The Oriel Ritaratto di sei poeti toscani (Portrait of Six Tuscan Poets)

With the kind permission of the Provost and Fellows of Oriel College, Oxford.

 

Hanging in the senior common room of Oriel College, above the fireplace and in pride of place at the heart of the room, hangs a rather curious painting. Surrounded by dark portraits of former provosts and fellows, the painting catches the eye if for no other reason than its incongruity with the surrounding works. Depicting six men in intense discussion, its crowded frame and bright, almost fresco-like quality immediately mark it out as something different.

The painting, called Portrait of six Tuscan poets or simply Six Tuscan poets, is the work of the Italian painter and scholar Giorgio Vasari. Produced in 1544, it portrays, as its title suggests, six poets who all hailed from the region of Tuscany, the hinterland of the city of Florence and the cradle of the Renaissance. The painting’s central figure, seated on a Savonarola chair and shown in his distinct, aquiline profile, is Dante Alighieri (c. 1265-1321), author of the Divine Comedy. To his immediate right is Francesco Petrarcha, known in English as Petrarch (1304-74), who is dressed in clerical garb and holds in his hand a copy of his own Scattered Rhymes, identifiable by the cameo of Laura on its cover. Behind Dante stands Guido Cavalcanti (c. 1255-1300), author of a body of Italian love poems, who in the image can be seen pointing to the book in Dante’s hand, and Giovanni Boccaccio (1313-75), author of the Decameron. A little removed from the conversation, stand Cino di Pistoia (1270-1336) and Guittone d’Arezzo (c. 1230-1294), both likewise Tuscan poets of the dolce stil novo, the new vernacular poetry.[1]

Vasari himself was a Tuscan, born in Arezzo in the year 1511. Today, despite having produced a wide range of artistic and architectural works, Vasari is remembered not primarily as an artist but rather as Europe’s first art historian.

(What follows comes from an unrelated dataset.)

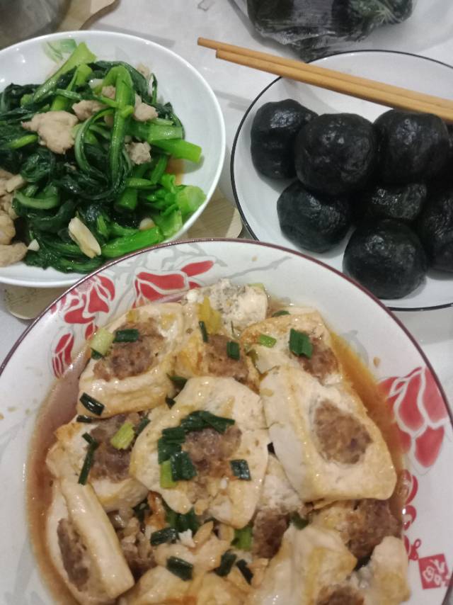 晚餐打卡,菜心,客家酿豆腐,艾糍

His Lives of the Most Eminent Painters, Sculptors, and Architects, from Cimabue to Our Times, published in Florence in 1550, was an enormous compendium of biographies of the greats of the Italian Renaissance, including such well known figures as Giotto, Leonardo da Vinci, and Michelangelo. In it, Vasari not only demonstrated his own historical genius, but he birthed an entire intellectual genre – art history – that captured the spirit of an age in which artists were coming to be held in the same esteem that poets and writers had long enjoyed.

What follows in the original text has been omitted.